By transposing, we get,

x > 11 – 5

x > 6

As per the condition given in the question, {x : x ∈ N;N < 10}

Therefore, solution set x = {7, 8, 9}

(ii) 2x + 1 < 17

Solution:-

2x + 1 < 17

By transposing, we get,

2x < 17 – 1

x < 16/2

x < 8

As per the condition given in the question, {x : x ∈ N;N < 10}

Therefore, solution set x = {1, 2, 3, 4, 5, 6, 7}

(iii) 3x – 5 ≤ 7

Solution:-

3x – 5 ≤ 7

By transposing, we get,

3x ≤ 7 + 5

x ≤ 12/3

x ≤ 4

As per the condition given in the question, {x : x ∈ N;N < 10}

Therefore, solution set x = {1, 2, 3, 4}

(iv) 8 – 3x ≥ 2

Solution:-

8 – 3x ≥ 2

By transposing, we get,

3x ≥ 8 – 2

3x ≥ 6

x ≥ 6/3

x ≥ 2

As per the condition given in the question, {x : x ∈ N;N < 10}

Therefore, solution set x = {1, 2}

(v) 5 – 2x < 11

Solution:-

5 – 2x < 11

By transposing, we get,

2x > 5 – 11

2x > -6

x > -6/2

x > -3

As per the condition given in the question, {x : x ∈ N;N < 10}

Therefore, solution set x = {1, 2, 3, 4, 5, 6, 7, 8, 9}

2. Solve for x in the following inequations, if the replacement set is R;

(i) 3x > 12

Solution:-

3x > 12

By cross multiplication, we get,

x > 12/3

x > 4

As per the condition given in the question, the replacement set is R.

Therefore, solution set x = {x : x ∈ R; x > 4}

(ii) 2x – 3 > 7

Solution:-

2x – 3 > 7

By transposing, we get,

2x > 7 + 3

2x > 10

x > 10/2

x > 5

As per the condition given in the question, the replacement set is R.

Therefore, solution set x = {x : x ∈ R; x > 5}

(iii) 3x + 2 ≤ 11

Solution:-

3x + 2 ≤ 11

By transposing, we get,

3x ≤ 11 – 2

3x ≤ 9

x ≤ 9/3

x ≤ 3

As per the condition given in the question, the replacement set is R.

Therefore, solution set x = {x : x ∈ R; x ≤ 3}

(iv) 14 – 3x ≥ 5

Solution:-

14 – 3x ≥ 5

By transposing, we get,

3x ≤ 14 – 5

3x ≤ 9

x ≤ 9/3

x ≤ 3

As per the condition given in the question, the replacement set is R.

Therefore, solution set x = {x : x ∈ R; x ≤ 3}

(v) 7x + 11 > 16 – 3x

Solution:-

7x + 11 > 16 – 3x

By transposing, we get,

7x + 3x > 16 – 11

10x > 5

x > 5/10

x > ½

x > 0.5

As per the condition given in the question, the replacement set is R.

Therefore, solution set x = {x : x ∈ R; x > 0.5}

(vi) 3x + 25 > 8x – 10

Solution:-

3x + 25 > 8x – 10

By transposing, we get,

8x – 3x < 25 + 10

5x < 35

x < 35/5

x < 7

As per the condition given in the question, the replacement set is R.

Therefore, solution set x = {x : x ∈ R; x < 7}

(vii) 2(3x – 5) ≤ 8

Solution:-

2(3x – 5) ≤ 8

6x – 10 ≤ 8

By transposing, we get,

6x ≤ 8 + 10

6x ≤ 18

x ≤ 18/6

x ≤ 3

As per the condition given in the question, the replacement set is R.

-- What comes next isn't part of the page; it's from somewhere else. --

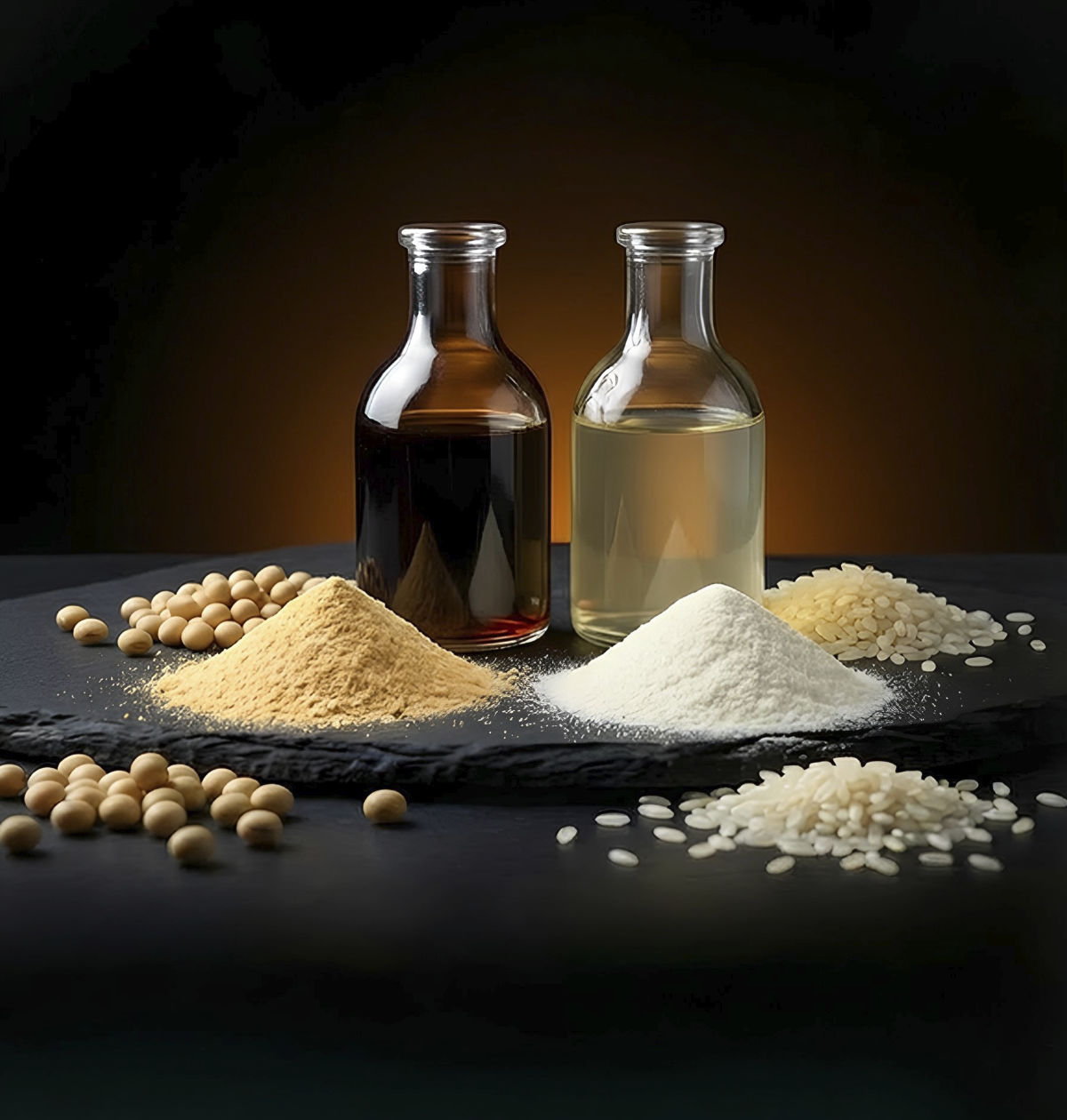 ซีอิ๊วและน้ำส้มสายชูหมักจากข้าวออร์แกนิกที่ผ่านกระบวนการหมักตามธรรมชาติอย่างพิถีพิถัน ให้รสเปรี้ยวกลมกล่อมและความหอมเฉพาะตัว

Therefore, solution set x = {x : x ∈ R; x ≤ 3}

(viii) x + 7 ≥ 15 + 3x

Solution:-

x + 7 ≥ 15 + 3x

By transposing, we get,

3x – x ≤ 7 – 15

2x ≤ -8

x ≤ -8/2

x ≤ -4

As per the condition given in the question, the replacement set is R.

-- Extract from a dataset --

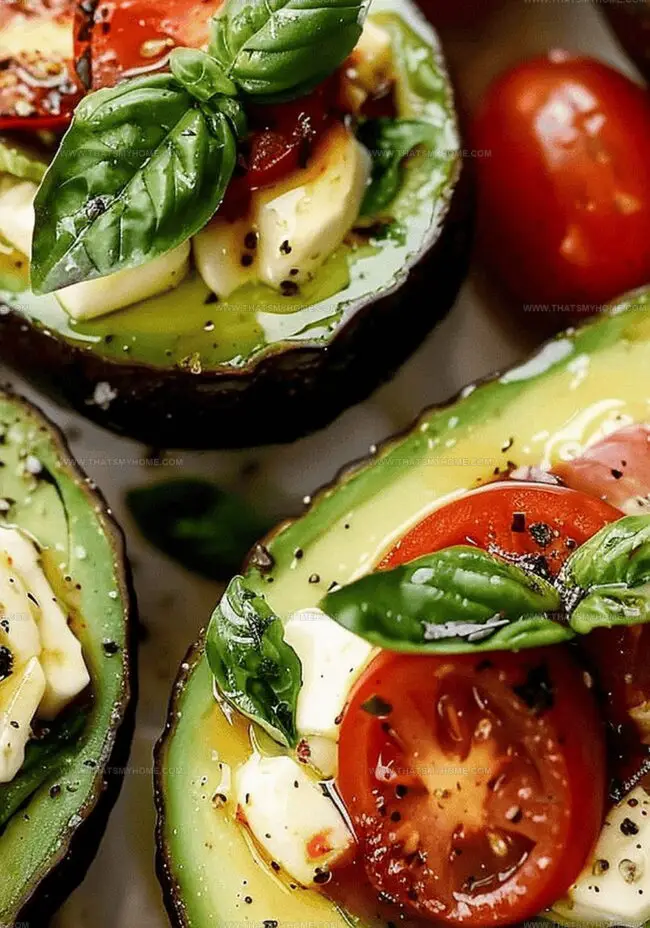 - Generously spoon the Caprese-style mixture into each avocado half, allowing the ingredients to mound slightly above the avocado’s natural curve.

Therefore, solution set x = {x : x ∈ R; x ≤ -4}

(ix) 2x – 7 ≥ 5x + 8

Solution:-

2x – 7 ≥ 5x + 8

By transposing, we get,

5x – 2x ≤ – 8 – 7

3x ≤ – 15

x ≤ – 15/3

x ≤ – 5

As per the condition given in the question, the replacement set is R.

Therefore, solution set x = {x : x ∈ R; x ≤ – 5}

(x) 9 – 4x ≤ 15 – 7x

Solution:-

9 – 4x ≤ 15 – 7x

By transposing, we get,

7x – 4x ≤ 15 – 9

3x ≤ 6

x ≤ 6/3

x ≤ 2

As per the condition given in the question, the replacement set is R.

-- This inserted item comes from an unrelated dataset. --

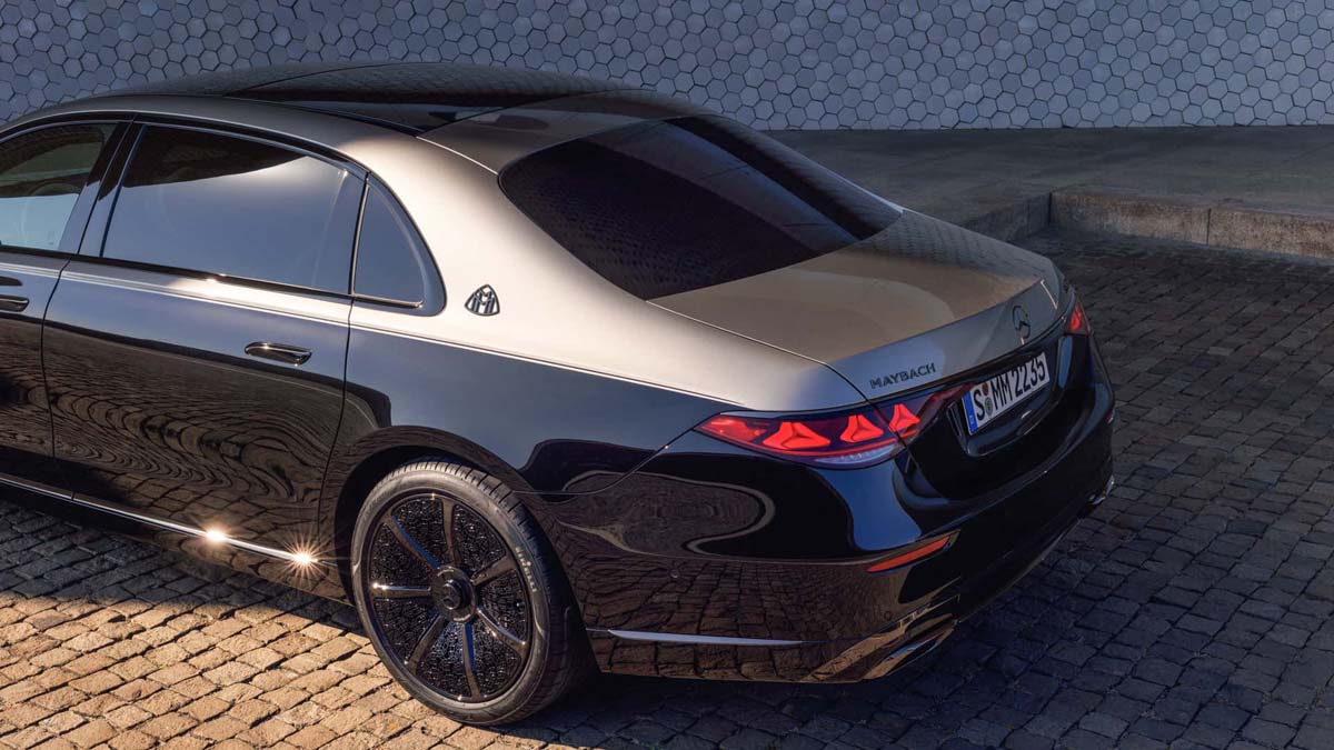 灯组设计同样加入大量专属元素,例如带有 Mercedes 三芒星图案的头灯,以及带玫瑰金点缀的细节,让整辆车在优雅之余多了一点“贵气的锋芒”。另外,C 柱上的 Maybach Logo 现在也可以发光,再加上可选的发光立标——这台车基本就是在说:“你不用猜,我就是最贵的那一台。”

Therefore, solution set x = {x : x ∈ R; x ≤ 2}

3. Solve for x: 6 – 10x < 36, x ∈ {-3, -2, -1, 0, 1, 2}

Solution:-

From the question, it is given that,

6 – 10x < 36

So, by transposing, we get,

– 10x < 36 – 6

– 10x < 30

10x > -30

x > – 30/10

x > – 3

As per the condition given in the question, x ∈ {-3, -2, -1, 0, 1, 2}.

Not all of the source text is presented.